SBIR-STTR Award

The uremic syndrome is a disabling condition attributed to the progressive retention of solutes that would normally be excreted by the kidneys and which interact negatively with physiological systems/functions. These are broadly defined as uremic toxins. Hemodialysis treatment is prescribed for the majority of individuals in the final stages of renal failure. However, better dialysis options (length, frequency and location) are needed to enable individuals with this disability to work and engage in activities in their communities. With the goal of creating an advanced, portable hemodialysis system based on an innovative dialysate regeneration system, the investigators will use various surface chemistry techniques to develop an adsorption system effective for regenerating spent dialysate containing a wide spectrum of uremic toxins AND maintain nutrients such as amino acids, vitamins and essential ions. The technical objectives in the Phase I program are: 1) Design, Preparation and Characterization of the Advanced DRS; 2) Performance Characterization of the Advanced DRS for Uremic Toxin Clearance; 3) Efficacy and Safety Test on DRC Housing the Advanced DRS; 4) Summary of Phase I Program. The challenge in this Phase I project will be identifying an adequate balance between the degree of selectivity and the toxin removal effectiveness.

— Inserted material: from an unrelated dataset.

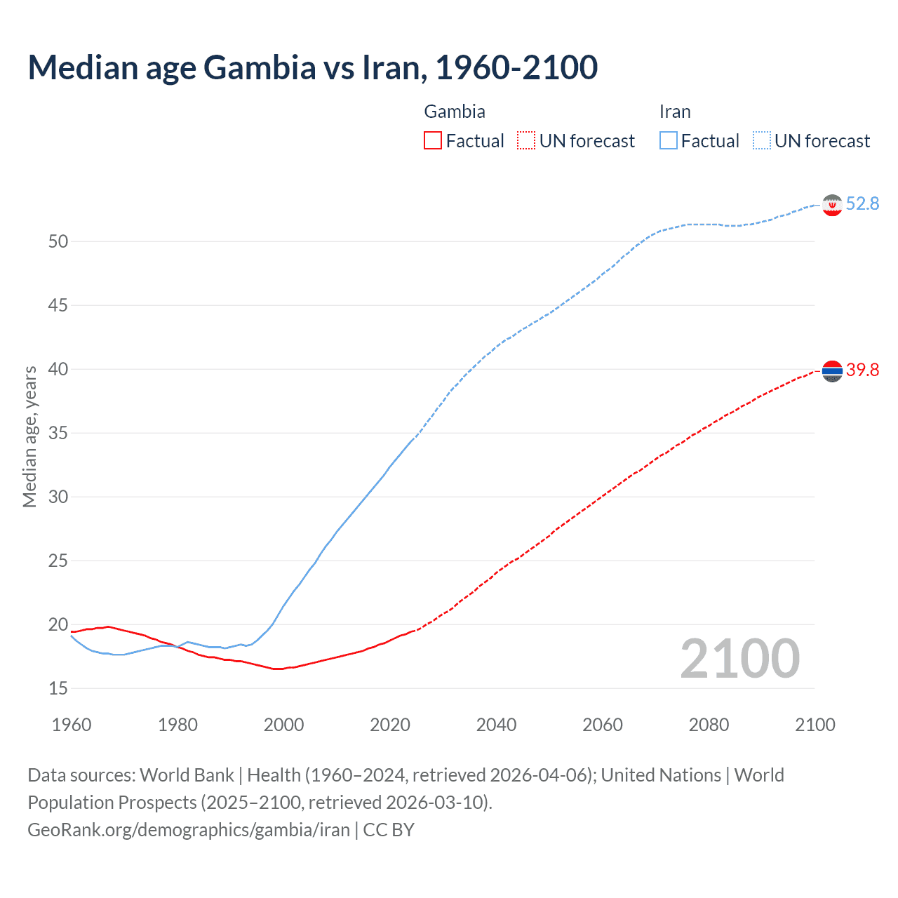 - The Gambia is ranked 171/196 by median age (oldest to youngest) vs 79/196 for Iran.
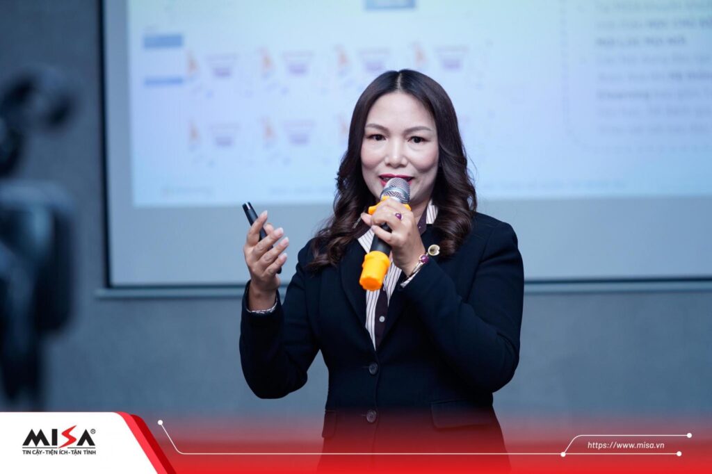 Bà Đinh Thị Thúy – Tổng Giám đốc MISA chia sẻ về những kinh nghiệm thực tế về việc triển khai Lean HR tại MISA trong chương trình hội thảo

This project develops an advanced, portable hemodialysis regeneration system that significantly enhances the quality of life of end-stage renal disease (ESRD) patients. ESRD impairs physiological systems and functions, and is associated with disability, high morbidity and mortality. Hemodialysis is prescribed for the majority of individuals in the final stages of renal failure. Minimizing the loss of nutrients and improving dialysis delivery (length, frequency, and location) enables individuals with ESRD to feel better, have more energy, work more, and engage in activities in their communities. Project investigators use surface chemistry and material science techniques to develop an advanced dialysate regeneration system able to remove a broad spectrum of uremic toxins while minimizing the loss of nutrients such as amino acids, vitamins, and essential ions. Technical objectives include: (1) performing scale-up production of the components of the advanced dialysate regeneration system (DRS-2); (2) designing and constructing the prototype module (cartridge) to house the DRS-2; (3) proving the safety and efficacy of the DRS-2 in vitro; (4) performing overall efficacy and quality tests of the DRS-2 using spent dialysate; and (5) evaluating and summarizing Phase II processes and results.